Well, how would you go about finding these permutations yourself, if you didn’t have the help of a computer program? Let’s think about this with the example of an easy, short word: test.

You might start by fixing the beginning of the word in place, and only swapping the remaining letters…

t <- fixed, “est” <- how can we swap these letters around to make different words?

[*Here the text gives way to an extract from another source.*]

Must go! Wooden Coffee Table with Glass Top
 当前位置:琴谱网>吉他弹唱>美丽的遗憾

Notice something here? We now need to find all the permutations of “est” – basically, we need to run the algorithm we were already trying to write, but on est instead of test. We’ve simplified the problem a little by making the word shorter. This is where we’re going to get into something called “recursion,” which is where a function calls itself on a different input until finally the input is so simple that it can figure out what to do with it. But let’s keep talking in pseudocode for now.

OK, so finding all the combinations of “est” is still pretty tough, because there’s a bunch of them, 6 I think. So let’s also fix the e in place and find all the combinations of the remaining word.

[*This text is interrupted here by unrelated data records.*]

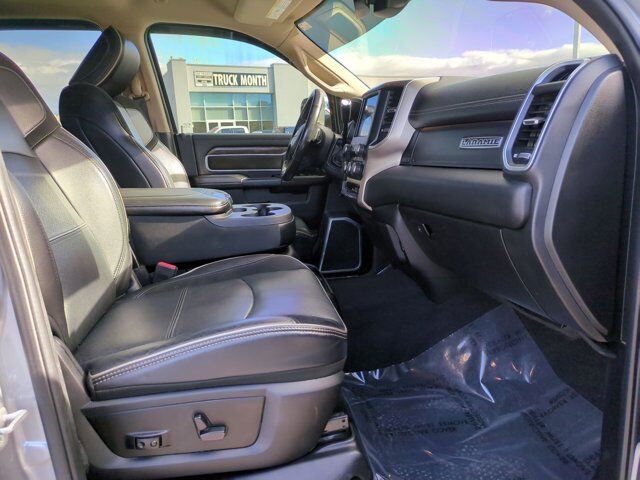 ENGINE: 6.7L I6 CUMMINS TURBO DIESEL -inc: Selective Catalytic Reduction (Urea) Dual 730 Amp Maintenance Free Batteries Cummins Turbo Diesel Badge Heavy Duty Engine Cooling Supplemental Heater 220 Amp Alternator Tow Hooks Diesel Exhaust Brake Front Bumper Sight Shields Capless Fuel Fill w/o Discriminator,BLACK LEATHER TRIM 40/20/40 BENCH SEAT,MONOTONE PAINT,TRANSMISSION: 6-SPEED AUTOMATIC (68RFE) -inc: Chrome Accent Shift Control,TIRES: LT275/70R18E OWL ON/OFF ROAD,3.73 AXLE RATIO (STD),BILLET SILVER METALLIC CLEARCOAT,MANUFACTURER'S STATEMENT OF ORIGIN,RAM TELEMATICS -inc (subscription required): telematics module (subscription required) Powered by Verizon Connect,BILLET SILVER METALLIC CLEARCOAT,220 AMP ALTERNATOR,WHEELS: 18 X 8.0 POLISHED ALUMINUM (STD),ANTI-SPIN DIFFERENTIAL REAR AXLE,QUICK ORDER PACKAGE 2HH LARAMIE -inc: Engine: 6.7L I6 Cummins Turbo Diesel Transmission: 6-Speed Automatic (68RFE),Four Wheel Drive,Tow Hitch,Power Steering,ABS,4-Wheel Disc Brakes,Brake Assist,Aluminum Wheels,Conventional Spare Tire,Heated Mirrors,Power Mirror(s),Integrated Turn Signal Mirrors,Power Folding Mirrors,Rear Defrost,Intermittent Wipers,Variable Speed Intermittent Wipers,Privacy Glass,Power Door Locks,Daytime Running Lights,Automatic Headlights,LED Headlights,Fog Lamps,AM/FM Stereo,Satellite Radio,Bluetooth Connection,Requires Subscription,Premium Sound System,MP3 Capability,Steering Wheel Audio Controls,Auxiliary Audio Input,Premium Sound System,Satellite Radio,Requires Subscription,Heated Front Seat(s),Power Driver Seat,Power Passenger Seat,Adjustable Steering Wheel,Trip Computer,Power Windows,WiFi Hotspot,Driver Adjustable Lumbar,Passenger Adjustable Lumbar,Pass-Through Rear Seat,Rear Bench Seat,Leather Steering Wheel,Heated Steering Wheel,Keyless Entry,Power Door Locks,Keyless Entry,Power Door Locks,Keyless Start,Universal Garage Door Opener,Cruise Control,Climate Control,Multi-Zone A/C,A/C,Woodgrain Interior Trim,Leather Seats,Split Bench Seat,Premium Synthetic Seats,Auto-Dimming Rearview Mirror,Driver Vanity Mirror,Passenger Vanity Mirror,Driver Illuminated Vanity Mirror,Passenger Illuminated Visor Mirror,Floor Mats,Remote Engine Start,Keyless Start,Smart Device Integration,Smart Device Integration,Bluetooth Connection,Power Door Locks,Power Windows,Adjustable Pedals,Trip Computer,Immobilizer,Security System,Traction Control,Stability Control,Traction Control,Front Side Air Bag,Rear Parking Aid,Tire Pressure Monitor,Driver Air Bag,Passenger Air Bag,Passenger Air Bag Sensor,Front Head Air Bag,Rear Head Air Bag,Child Safety Locks,Back-Up Camera
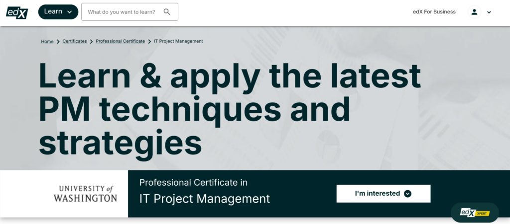| edX — UWashingtonX’s IT Project Management — Top Pick | $747 | ✓ No prerequisites required
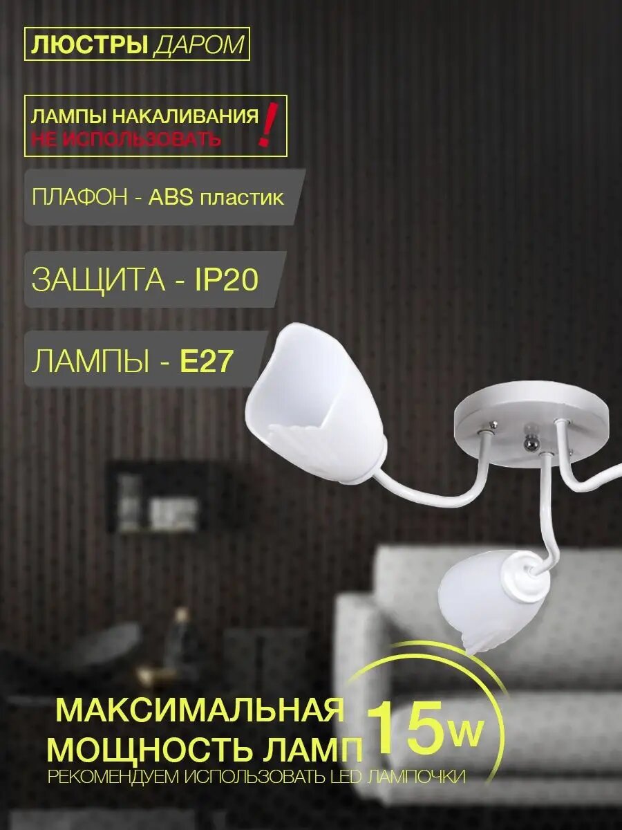 Люстра потолочная Люстры Даром в гостиную белый цвет на 3 плафона
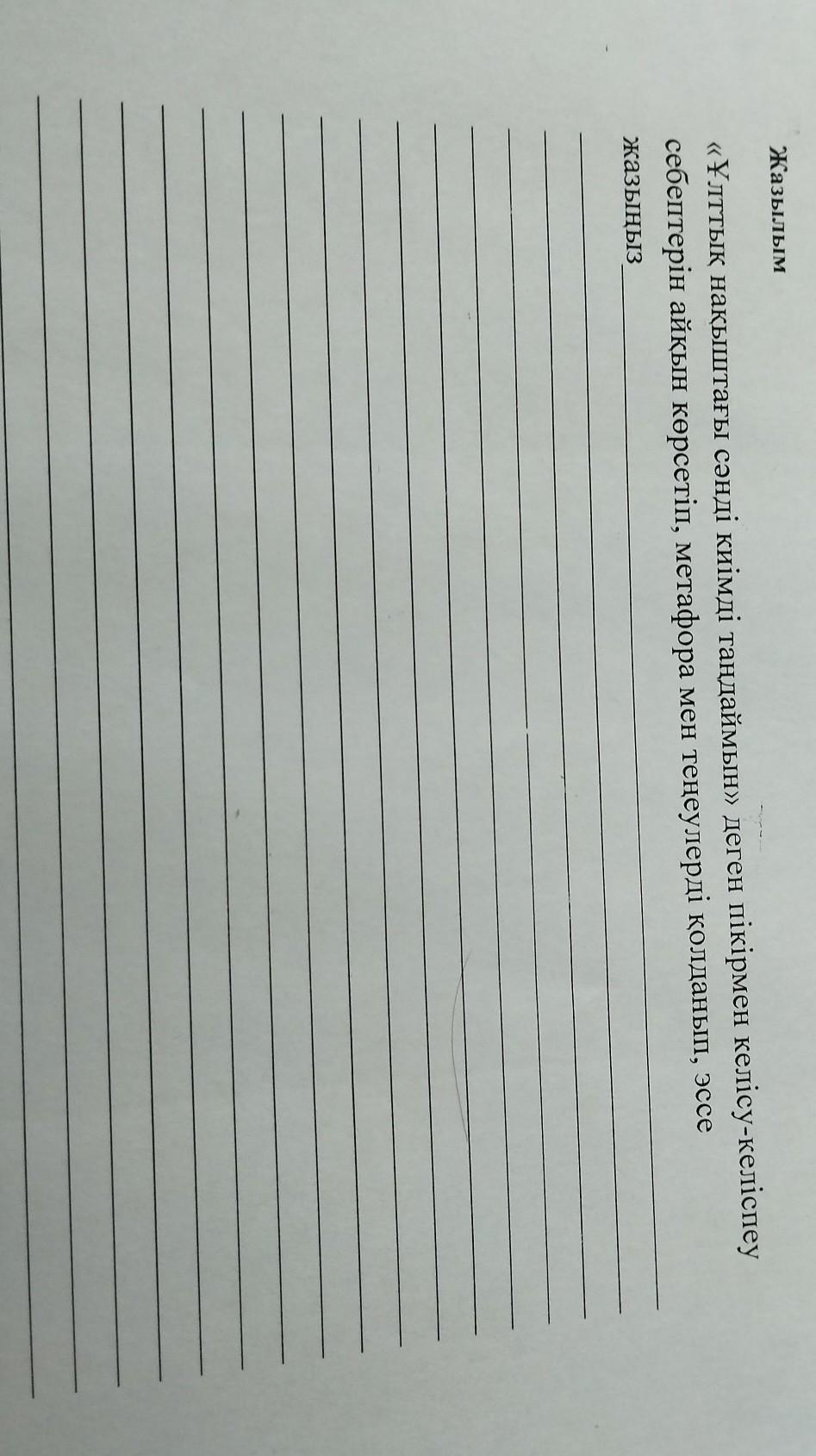 Жазылым «Ұлттык накыштагы сәндi киiмдi тандаймын» деген пiкiрмен келісу-келіспеу себептерін айкын көрсетіп, метафора мен теңеулердi колданып, эссе жазыныз

t <- fixed, e <- fixed, “st”.

Hey, finding all the combinations of st is pretty easy. There’s only st and ts. This is what we’ll call our base case, which is simple, so we don’t need to call the function again. This is how we avoid getting into an infinite loop during recursion.

t e st
t e ts

So those are all the combinations where t and e are fixed. Now we need to go back up a level to where “t” is the only fixed character, and find the other combinations of “est” that we missed.

We found all the ones where e is the first letter, so let’s make s the first letter now.

t <- fixed, s <- fixed, “et”

Again, “et” is only two letters long, so it triggers our “base case” where we know the only combinations are “et” and “te”.

t s et
t s te

So, turning this into code: if your function signature is String [] string_permutations(the_string), you’ll want to write special case for handling the case where “the_string” is only 2 letters long, which returns an array containing the_string and the_string reversed. If your string isn’t 2 letters long, fix the first letter in place and call string_permutations on the rest of the word. Eventually you’ll reach the case where the rest of the word is only 2 letters long, and then the base case will be triggered. Then, you can swap letters as needed to get the words you missed when you fixed the first characters in place. Finally, eliminate duplicates: our word “test” has two t’s, so there will be some duplicates.

Learning how to think with recursion can be tough, but it comes more easily with experience. Keep practicing, you’ll get it.

LostInParadise's avatar

There is a devilishly clever algorithm for doing permutations called the Steinhaus–Johnson–Trotter method. The basic idea is fairly simple, but it takes a little bit of work to implement. The algorithm is intended for finding permutations of numbers 1 to n. If you want to use it for a string, just treat the numbers as indices into the string.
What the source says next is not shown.